The property transferred to the Girard Trust Company as trustee under these deeds of trust was not transferred by the decedent in contemplation of his death, nor were the transfers intended to take effect in possession or enjoyment at or after his death. The enjoyment of none of the property so transferred was subject at the time of decedent's death to any change through the exercise of a power, either by the decedent alone, or in conjunction with any person, to alter, amend, or revoke.
Included in the property transferred to the Girard Trust Company, as trustee under the deeds of trust, were certain shares of corporate stocks having a value at the date of decedent's death of $34,077.87. These shares when transferred were the property of decedent's wife Josephine B. McFadden and the certificates therefor were registered in her name and were indorsed by her for transfer to the trustee.

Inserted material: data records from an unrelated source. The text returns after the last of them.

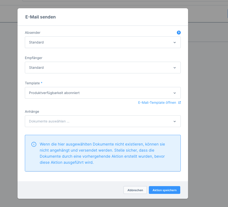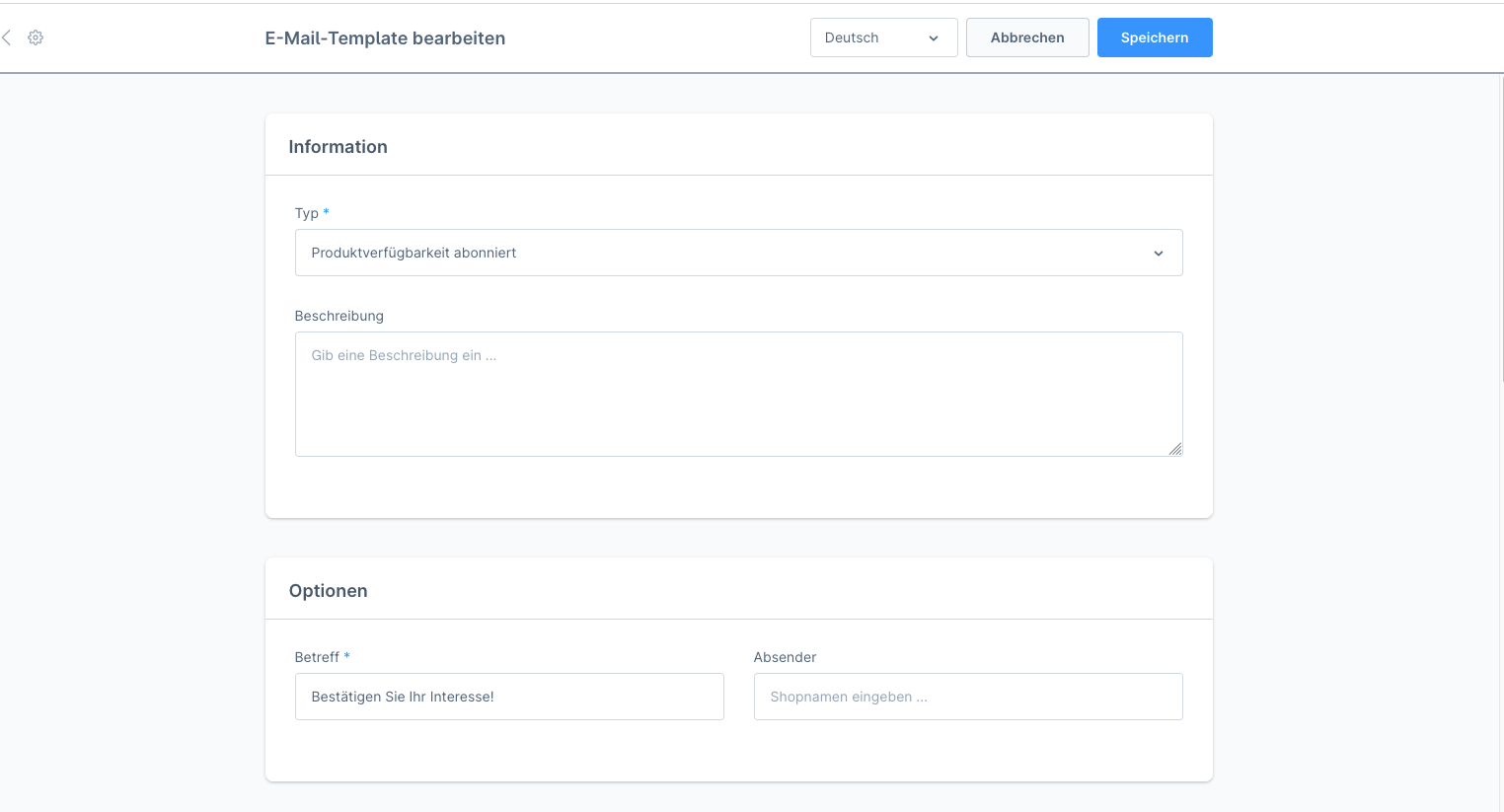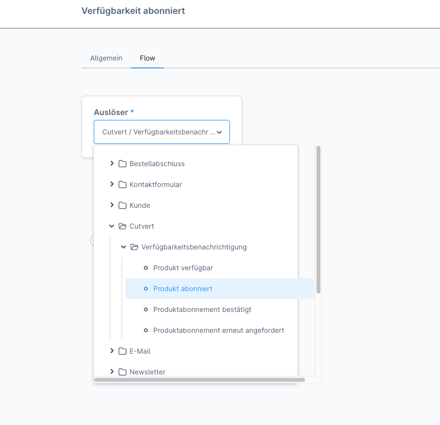 Über den Bereich „Einstellungen -> E-Mail Templates“ lässt sich das E-Mail Design individuell anpassen. Im Flow Builder legst du anschließend fest, wann und wie die Benachrichtigung ausgelöst wird – beispielsweise , sobald ein Produkt wieder verfügbar ist. Damit steuerst du genau, welcher Ablauf beim Versand der Benachrichtigung aktiviert wird.
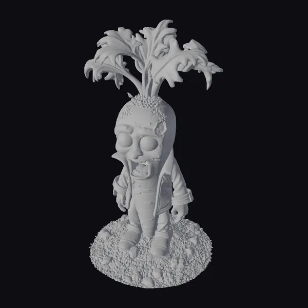 This vividly detailed model captures a zombie turnip in the midst of rising from the ground, its bulbous body covered in a mix of green and rotting flesh tones. The turnip’s face is contorted in a comically horrific expression, complete with bulging eyes and an open mouth revealing jagged teeth. A tattered green jacket and purple pants add to the character’s chaotic appearance. Surrounding the base, small rocks and dirt clumps enhance the scene. This model is perfect for use in games, animations, or as a quirky decorative piece, offering a unique blend of horror and humor.
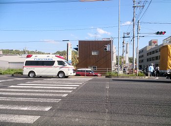 道幅としましてはJR東福山駅南口から国道2号線に向かいます道路の方が随分広いのですけど、この道を横断しておりますと、そんなに広く感じませんで横断道路の方が広くて優先道路…と感じられますから、飛び出して衝突…こんな状況なのかも分かりません。
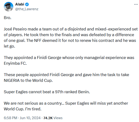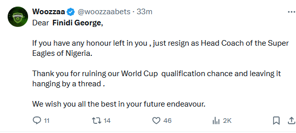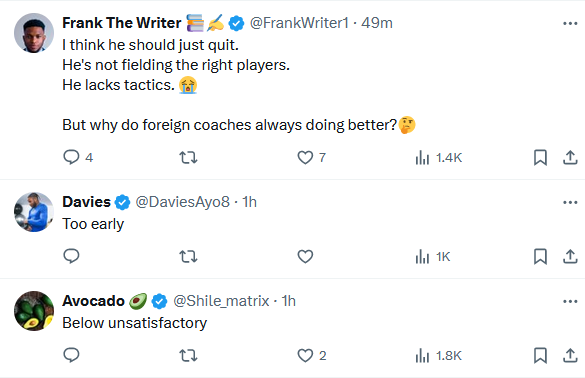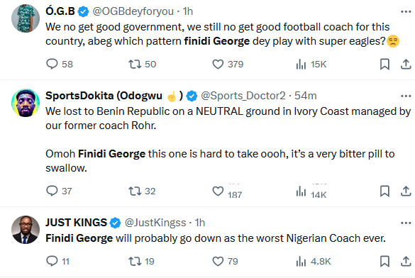 Social media platforms Facebook and X have been flooded with messages of fans calling for the sack of Finidi George.

George H. McFadden, decedent's father, died October 16, 1926, in Philadelphia. He left a will probated in Philadelphia county, of which Girard Trust Company, George McFadden, the decedent, Ella L. Browning, and Barclay McFadden were executors and trustees. George H. McFadden's will authorized his trustees "to lend to each of my sons a sum or sums in the aggregate not exceeding one-third of the original share from which such son was entitled to receive the income at the time of my death, before the payment to him absolutely of one-third of his shares as hereinbefore provided for in this my Will. Said loans shall be made without security and shall bear interest at the rate of six per cent per annum. The right to receive said loan shall be absolute in each of my sons and not subject to the discretion of my Trustees. The loans may be for such duration and with such privilege of renewal or extension as such son shall request. The interest and principal of such loans shall be charged against each son and his descendants in distribution, both as to principal and income, in like manner except as to the amount of interest as the amounts paid to my sons at the time of my death and herein more specifically set forth."
It further provided:
"In the event of the death of any child of mine without leaving descendants him or her surviving, or in the event of the death of all of the descendants of any child of mine before the period fixed for distribution, thereby making impossible the charging to the share otherwise passing ultimately to his or her descendants, of such loans as may be made by my Trustees hereunder, I direct that such loans shall not be cancelled by my Trustees, but be as far as possible collected from the estate of the child so dying without descendants or whose descendants shall all die prior to the period fixed for distribution. My Trustees, however, shall make no claim for any such loan against the estate of any child of mine who dies leaving descendants surviving, and I expressly exonerate my said Trustees from responsibility in the event of loss to my estate in case of such descendants subsequently dying before the period fixed for distribution at a time when such child's estate may have been fully distributed and recourse thereto lost. This obligation to collect said loans made by my Trustees shall only be exercised in favor of my other children and their descendants.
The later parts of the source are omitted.